A mi me encanta María Montez, personalmente, en La Atlántida, que no es otra cosa que una buena adaptación de la novela del mismo título de Pierre Benoit (un notable escritor de novelas de aventuras francés) y en la que compartió escenas con quien sería su marido en la vida real, el actor Jean-Pierre Aumont, con quien tuvo una hija, la también actriz Tina Aumont, y hombre al que le destrozó el corazón cuando la actriz falleció en la bañera en septiembre de 1951.

Entre la legión de fanáticos que cosechó la actriz –”con la Montez todo, sin la Montez nada”– se encontró Antonio Pérez Arnay, un crítico de cine tinerfeño que nos regaló a los aficionados al séptimo arte uno de los mejores libros, si no el mejor, que ha publicado hasta la fecha la Filmoteca Canaria. El prólogo lo firma un amigo de Pérez Arnay y otro fan también de la actriz de origen canario por parte paterna: Terenci Moix.

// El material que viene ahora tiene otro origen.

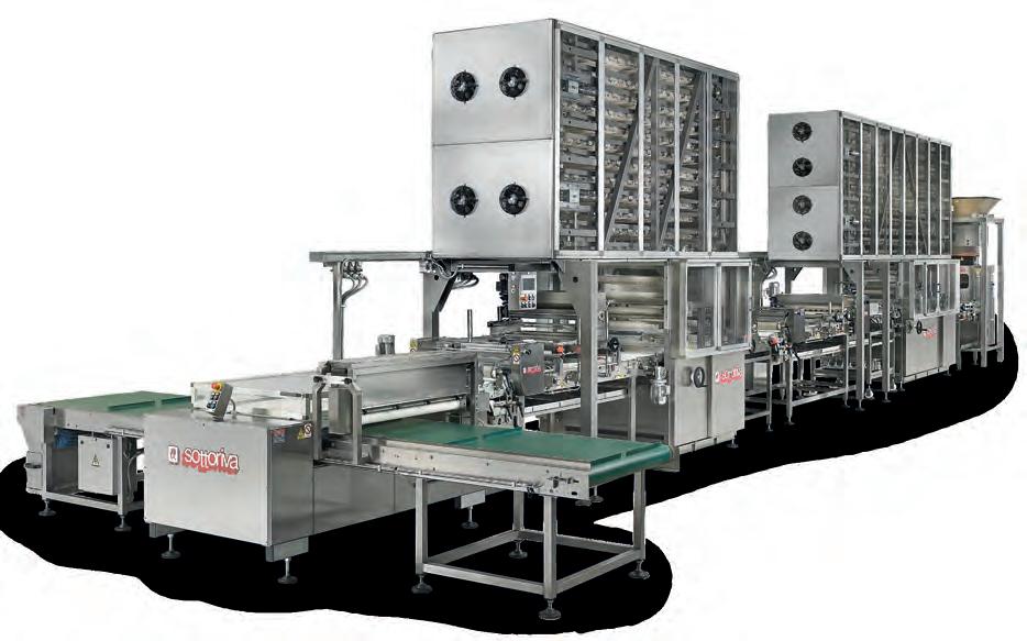 sui piccoli produttori, anche sulle grandi industrie che stanno prendendo piede nel campo della panifiazione. Le nascenti esigenze produttive richiedono un aumento della produzione nel più breve tempo possibile, garantendo uniformità e costanza nei risultati: la tecnologia Sottoriva si sposta così sugli impianti automatici e sulle linee che rappresentano oggi una parte fondamentale della produzione. Come la Bread Line, fioreall’occhiello del catalogo Sottoriva: una linea per la produzione di filonie baguette, disponibile anche con integliamento automatico, capace di raggiungere una produzione massima di 4.500 pezzi/ora.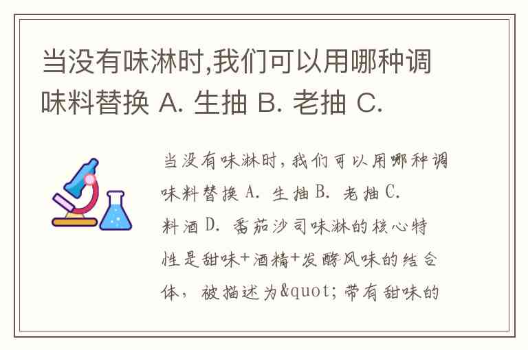 当没有味淋时,我们可以用哪种调味料替换 A. 生抽 B. 老抽 C. 料酒 D. 番茄沙司

Ya va siendo hora de recuperar a aquella actriz y a aquellas películas para aproximarse a un cine que hoy pese a su aroma rancio continúa manteniendo el encanto que descubrí hace ya mucho tiempo cuando vi esas películas en televisión. La sorpresa entonces fue mayúscula cuando me dijeron que aquella mujer que apenas transmitía emociones pero en la que descansaba todo el peso de la película porque tenía glamour, un glamour exótico, era de origen canario. Esta extraña tierra en la que nací y en la que habito y en la que cada día me reconozco un poco menos.

Hablé con Antonio Pérez Arnay sobre ella cuando publicó el volumen, y en una de las aquellas charlas espontáneas que manteníamos porque nos encontrábamos siempre en cualquier esquina de esta ciudad de aceras menguantes, me dijo que estaba preparando otro libro. Un libro que versaría sobre las otras reinas de la serie B, una aristocracia –con perdón, Pablo Iglesias, no vaya usted a anatemizarme– orgullosa de llevar esta corona y entre las que se encontraba otra actriz de padre canario, Patricia Medina.

Así que los monteses se pongan de pie porque tal día como hoy vino al mundo María África Gracia Vidal, María Montez, la actriz que ahora cabalga a lomos de un córcel blanco por un desierto de metirijillas. Un desierto de cartón piedra.

Salve, Reina Cobra, los que va a morir te saludan.